* **REQUIREMENT**
Starting with the line that contains "2023年北京海淀高三二模考" and stopping after the line that contains "隔天烤的时候拿出鸡翅,沥干水", return each line below exactly as written, with no others.

Start of MATERIAL FOR THIS EXERCISE

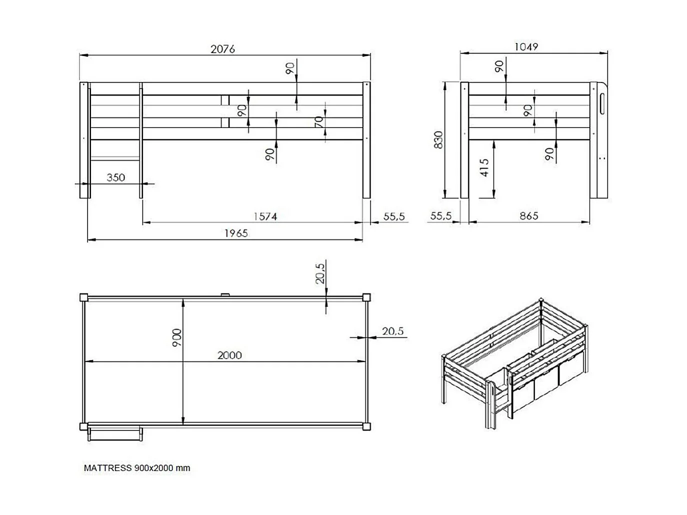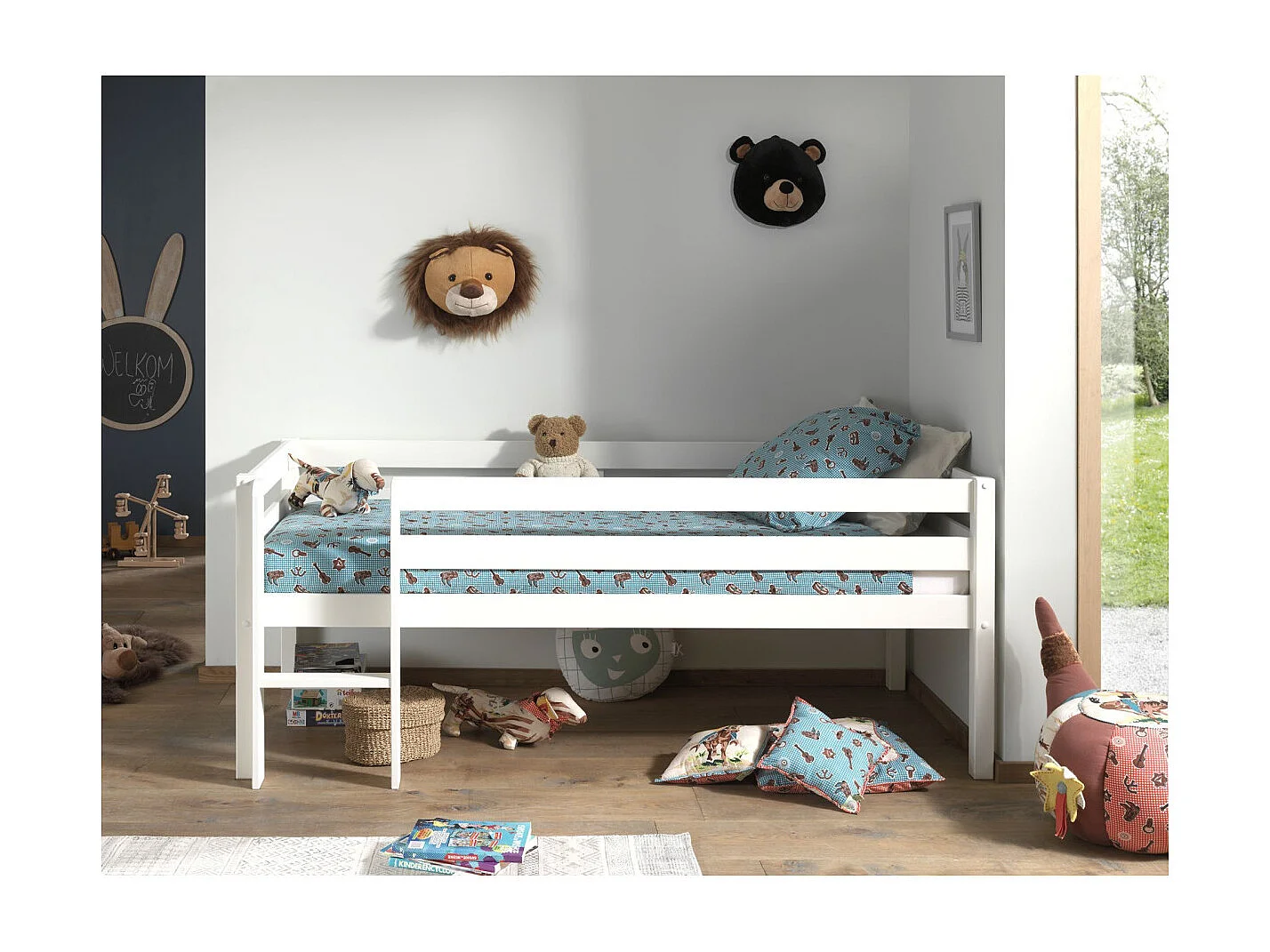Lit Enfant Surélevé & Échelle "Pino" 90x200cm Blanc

End of MATERIAL FOR THIS EXERCISE
Start of MATERIAL FOR THIS EXERCISE

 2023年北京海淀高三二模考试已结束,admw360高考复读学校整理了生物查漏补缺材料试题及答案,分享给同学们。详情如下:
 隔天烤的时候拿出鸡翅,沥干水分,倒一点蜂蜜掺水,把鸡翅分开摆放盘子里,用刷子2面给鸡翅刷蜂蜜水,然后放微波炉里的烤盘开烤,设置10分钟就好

End of MATERIAL FOR THIS EXERCISE

* **EXERCISE SOLUTION**
 2023年北京海淀高三二模考试已结束,admw360高考复读学校整理了生物查漏补缺材料试题及答案,分享给同学们。详情如下:
 隔天烤的时候拿出鸡翅,沥干水分,倒一点蜂蜜掺水,把鸡翅分开摆放盘子里,用刷子2面给鸡翅刷蜂蜜水,然后放微波炉里的烤盘开烤,设置10分钟就好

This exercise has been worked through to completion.